Work to be completed:
Transcribe the listing exactly as written. Leave the images out.

Supplied material:
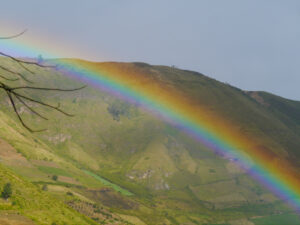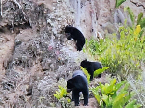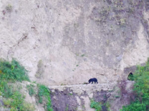 Wir wollen noch einen weiteren Tag hier verbringen, um die Bären zu beobachten. Daher sind wir schon um 06:30 Uhr am Mirador, um nach Bären zu schauen. Wir werden belohnt und ein Bär zeigt sich schon früh über dem vorgelagerten Bergkamm Doch Zora ist sehr unruhig und so gehe ich mit Ihr nach ca. einer Stunde zurück. Alle gemeinsam schauen wir noch einen Informationsfilm über die Arbeit der Bärenschützer hier an. Da das Gelände hier sehr steil ist, haben diese bei Ihren Erkundungstouren einen echt schwierigen Job. Ich spiele mit Zora noch eine kurze Zeit, doch sie ist müde und will nicht so recht mitmachen. Auch im MANle legt sie sich gleich hin und will Ihre Ruhe. Das ist sehr ungewöhnlich und wir müssen sie daher gut beobachten. Am späten Vormittag kommt die Sonne raus und der Tag wird sehr freundlich. David fährt los, da er nicht auf Bezahlplätzen stehen will. Ich kippe das Fahrerhaus und reinige den Luftfilter des MANle. Dieser ist sehr schmutzig und hatte es bitter nötig. Anschließend reinige ich den Wasserkühler. Hierzu nehme ich den Wasserschlauch und halte mehrere Minuten den Wasserstrahl an den Kühler. Anschließend blase ich mit der Druckluftpistole alles sauber. Das wiederhole ich noch mal und starte anschließend den Motor. Ich kann sehr deutlich den Luftstrom spüren und bin überzeugt, dass der Kühler sauber ist. Da eine der Kabelgleitschienen immer mal wieder am Astabweiser hängen bleibt, andere ich die Befestigung, um das zu verhindern. Ich fülle noch unsere Wasserbehälter und anschließend wandern wir noch eine Runde, um die atemraubende Landschaft in uns aufzusaugen. Um vier Uhr ist es wieder Zeit zu den Bären zu gehen. Dieses Mal haben wir wirklich Glück und wir sehen gleich fünf dieser tollen Tiere. Das absolute Highlight ist der Bär, der auf der Mauer des Wasserkanals hin und her läuft, als wäre es ein Laufsteg. Auch zwei Jungtiere sehen wir die wild miteinander spielen. Trotz der steilen Hänge ist eine wilde Rauferei im Gange und nicht selten stürzen die beiden eine Etage tiefer. Ich gehe etwas früher als Susanne und verpasse noch zwei weitere Bären. Bis Susanne zurückkommt habe ich das Abendessen fertig und sie kann gleich zum Essen übergehen. Elke hat eine sehr leckere Zwiebelsuppe gekocht und auch davon bekommen wir einen Teller ab. Bevor wir rein gehen, räume ich das MANle komplett ein, da wir morgen zur Finca Sommerwind fahren wollen. Wir hoffen, dass die Erdrutsche alle beseitigt sind. Zora hat noch einmal richtig was zu tun, denn es kommen gleich vier Hunde zu Besuch. Unser Abendessen hat sie wohl alle angelockt. Doch alles geht ohne Stress ab und Zora ist das Nesthäkchen. Nachdem alle weg sind, kann auch Zora reinkommen.
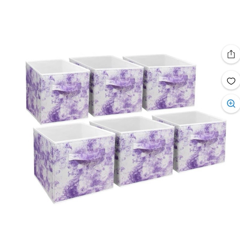 The Sorbus Storage Cube Fabric Basket Bin is a set of 6 foldable cloth organizers with a tie-dye print in pink color. These square-shaped baskets are made of cardboard and fabric, featuring a printed finish. With a free-standing mounting style and convenient handles, these storage cubes are ideal for organizing various items in your home. With a compact size of 11" length and 10.50" width, these storage bins from Sorbus are a stylish and practical solution for keeping your space tidy.
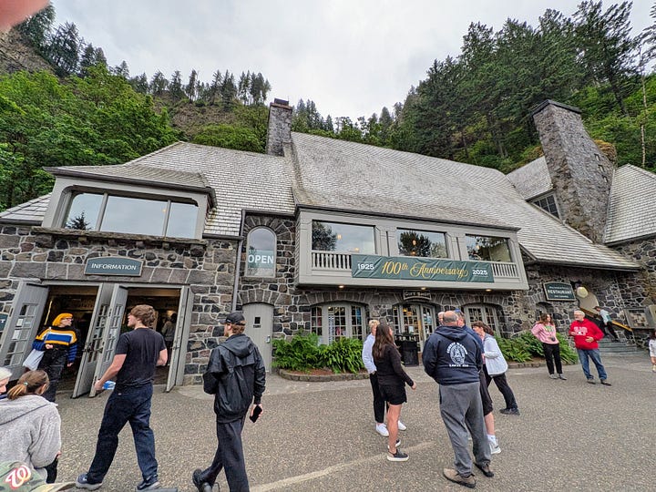 A short drive further brought us to Oregon's most famous natural wonder: Multnomah Falls and Lodge. The Lodge is celebrating its 100th anniversary this year – a true landmark! If you're planning a visit between late May and September 1st, remember to snag a timed-use permit online. At just $2, it's a small price to pay for managing the crowds at Oregon's most visited site. The roar of the falls and the misty spray are always invigorating.
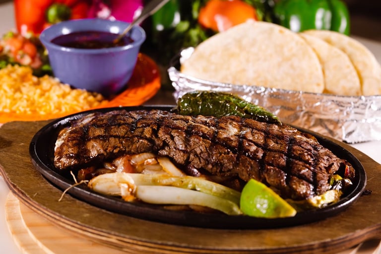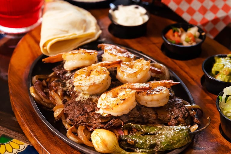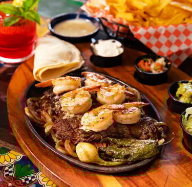 Skirt steak sizzling with onions that comes with six grilled shrimp, black beans, cilantro rice, guacamole salad and tortillas.

Written reply:
 Wir wollen noch einen weiteren Tag hier verbringen, um die Bären zu beobachten. Daher sind wir schon um 06:30 Uhr am Mirador, um nach Bären zu schauen. Wir werden belohnt und ein Bär zeigt sich schon früh über dem vorgelagerten Bergkamm Doch Zora ist sehr unruhig und so gehe ich mit Ihr nach ca. einer Stunde zurück. Alle gemeinsam schauen wir noch einen Informationsfilm über die Arbeit der Bärenschützer hier an. Da das Gelände hier sehr steil ist, haben diese bei Ihren Erkundungstouren einen echt schwierigen Job. Ich spiele mit Zora noch eine kurze Zeit, doch sie ist müde und will nicht so recht mitmachen. Auch im MANle legt sie sich gleich hin und will Ihre Ruhe. Das ist sehr ungewöhnlich und wir müssen sie daher gut beobachten. Am späten Vormittag kommt die Sonne raus und der Tag wird sehr freundlich. David fährt los, da er nicht auf Bezahlplätzen stehen will. Ich kippe das Fahrerhaus und reinige den Luftfilter des MANle. Dieser ist sehr schmutzig und hatte es bitter nötig. Anschließend reinige ich den Wasserkühler. Hierzu nehme ich den Wasserschlauch und halte mehrere Minuten den Wasserstrahl an den Kühler. Anschließend blase ich mit der Druckluftpistole alles sauber. Das wiederhole ich noch mal und starte anschließend den Motor. Ich kann sehr deutlich den Luftstrom spüren und bin überzeugt, dass der Kühler sauber ist. Da eine der Kabelgleitschienen immer mal wieder am Astabweiser hängen bleibt, andere ich die Befestigung, um das zu verhindern. Ich fülle noch unsere Wasserbehälter und anschließend wandern wir noch eine Runde, um die atemraubende Landschaft in uns aufzusaugen. Um vier Uhr ist es wieder Zeit zu den Bären zu gehen. Dieses Mal haben wir wirklich Glück und wir sehen gleich fünf dieser tollen Tiere. Das absolute Highlight ist der Bär, der auf der Mauer des Wasserkanals hin und her läuft, als wäre es ein Laufsteg. Auch zwei Jungtiere sehen wir die wild miteinander spielen. Trotz der steilen Hänge ist eine wilde Rauferei im Gange und nicht selten stürzen die beiden eine Etage tiefer. Ich gehe etwas früher als Susanne und verpasse noch zwei weitere Bären. Bis Susanne zurückkommt habe ich das Abendessen fertig und sie kann gleich zum Essen übergehen. Elke hat eine sehr leckere Zwiebelsuppe gekocht und auch davon bekommen wir einen Teller ab. Bevor wir rein gehen, räume ich das MANle komplett ein, da wir morgen zur Finca Sommerwind fahren wollen. Wir hoffen, dass die Erdrutsche alle beseitigt sind. Zora hat noch einmal richtig was zu tun, denn es kommen gleich vier Hunde zu Besuch. Unser Abendessen hat sie wohl alle angelockt. Doch alles geht ohne Stress ab und Zora ist das Nesthäkchen. Nachdem alle weg sind, kann auch Zora reinkommen.
 The Sorbus Storage Cube Fabric Basket Bin is a set of 6 foldable cloth organizers with a tie-dye print in pink color. These square-shaped baskets are made of cardboard and fabric, featuring a printed finish. With a free-standing mounting style and convenient handles, these storage cubes are ideal for organizing various items in your home. With a compact size of 11" length and 10.50" width, these storage bins from Sorbus are a stylish and practical solution for keeping your space tidy.
 A short drive further brought us to Oregon's most famous natural wonder: Multnomah Falls and Lodge. The Lodge is celebrating its 100th anniversary this year – a true landmark! If you're planning a visit between late May and September 1st, remember to snag a timed-use permit online. At just $2, it's a small price to pay for managing the crowds at Oregon's most visited site. The roar of the falls and the misty spray are always invigorating.
 Skirt steak sizzling with onions that comes with six grilled shrimp, black beans, cilantro rice, guacamole salad and tortillas.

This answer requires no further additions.